1997: Searching for Stars in the Darkness

Lauren Nixon-Matney • June 26, 2025
1997: Searching for Stars in the Darkness

Brandon Hart: 1997

Audio Book Style

I heard 1997 by Brandon Hart for the first time with my husband just a few years back. I hadn’t expected it to hit me the way it did. This song wasn’t part of my current soundtrack. It wasn’t a song that had shaped my life or carried me through the years. It was a fresh discovery, yet it transported me back in time, back to the ache and confusion of 1997.


The song swept me back to my youth, back to a time of extreme change and heartbreak. It’s a song of raw, aching nostalgia, but also one of quiet healing. It floods me with heavy memories, but also seems to carry the light that came after.


In 1997, the world felt like it was unraveling at the seams. My family had just gone through the intense trauma of my parents divorce. My brother and I, barely old enough to grasp the depth of what was happening, were caught in the whirlwind of it all. We were pulled from Texas to North Carolina, from the familiar to the foreign, from stability to uncertainty.


 I still remember, in the midst of all the madness, the peace I found in music. It became my companion, my escape, and in the middle of a time of heaviness that felt endless, music became my light in the darkness. 


We lived with my grandmother, Nanny. She was such a bright star in my world, the one person who made everything feel okay, even when life didn’t make any sense. She was magic so full of grace, warmth, and beauty. I loved her deeply—she was more than family. She was my safe place, my friend, and when she passed away in 1997—everything shattered in ways I couldn’t yet understand.

 

 I found her early in the morning, her body wracked with spasms, her eyes rolling back in her head in a way that made her look almost unrecognizable—like something out of The Exorcist. (Massive stroke and heart attack) I rushed to wake my brother, and we stood together terrified and shaking as he called 911, but the hospital couldn’t save her. She was gone. That moment, that loss, became a defining point in my life. I was so small, yet the weight of that moment made me feel like the world was crumbling.

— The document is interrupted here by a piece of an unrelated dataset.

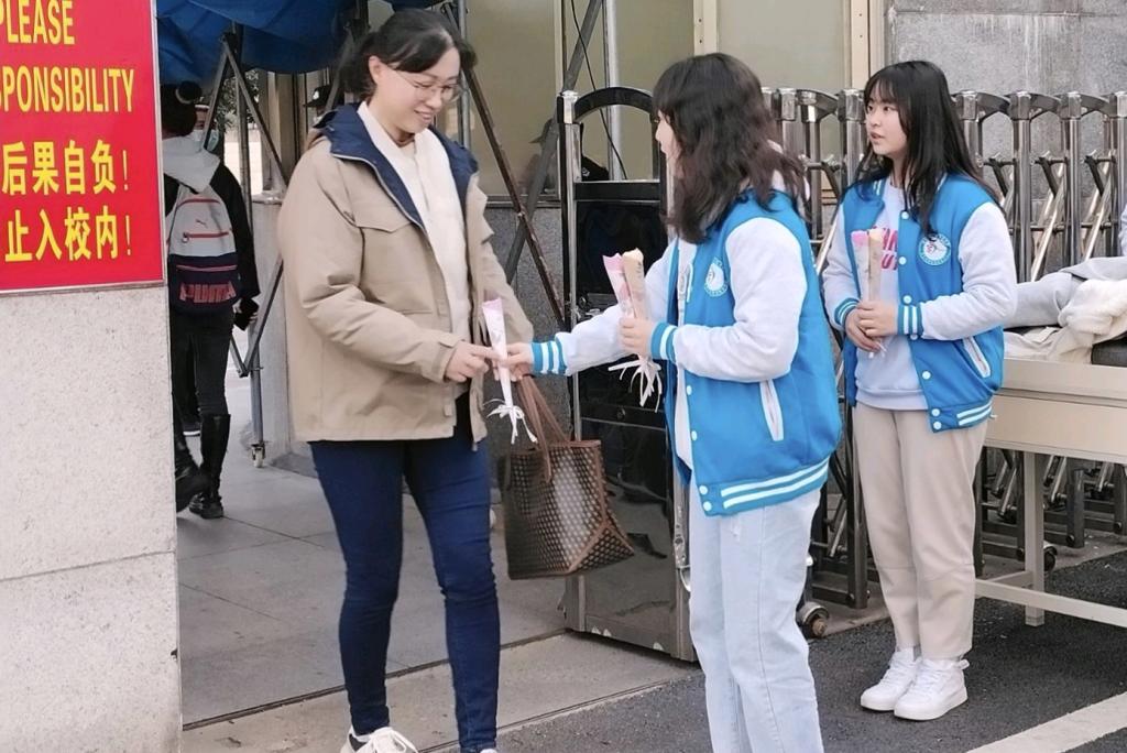 志愿者们在我院前门、食堂、宿舍前坪、综合楼等地点为女性老师及其他女性工作者们送上一束鲜花和一句暖心的祝福。此次活动得到了女性同胞们的赞誉和肯定。

The grief that followed was suffocating. The world we had built in North Carolina was already starting to fall apart. My brother and I were separated of and on again after her death—he went to stay with friends or Dad, and my mother and I stayed with others. It was as if everything that had kept us together was suddenly ripped apart, and I found myself lost in the silence, disconnected it seemed from everything I had ever known.

 

As soon as I fall into this song I am thrown back into my past—the confusion, the tragedy, the pain. The song takes hold of me like a vortex of memories, back to my youth, where every day felt uncertain and unstable. Leaving me in the wake of how blessed I am to have my husband and best friend by my side. I didn’t even realize how much I needed to hear these lyrics until they burned deep beyond my ears.


The music it’s like a portal— It’s like the past and present collide, I don’t just feel the echoes of my past—I hear the promise of my future. The weight of the years mixing with the hope of what’s to come—it’s a living part of my ongoing story. Each note a thread that ties together the pain of my youth with the love I’ve found in my husband.


“I don't care where we're goin'

As long as you're with me

I'll never feel like I'm all alone

Don't care where we're movin'

If we're together

It'll always feel like we're at home”



 And as it plays, through the pain I feel the warmth of the light at the end of the tunnel, the comfort of knowing that, no matter what we face, we’ll always have each other and not all days are dark days. Jamie you are my brightness… I love you so!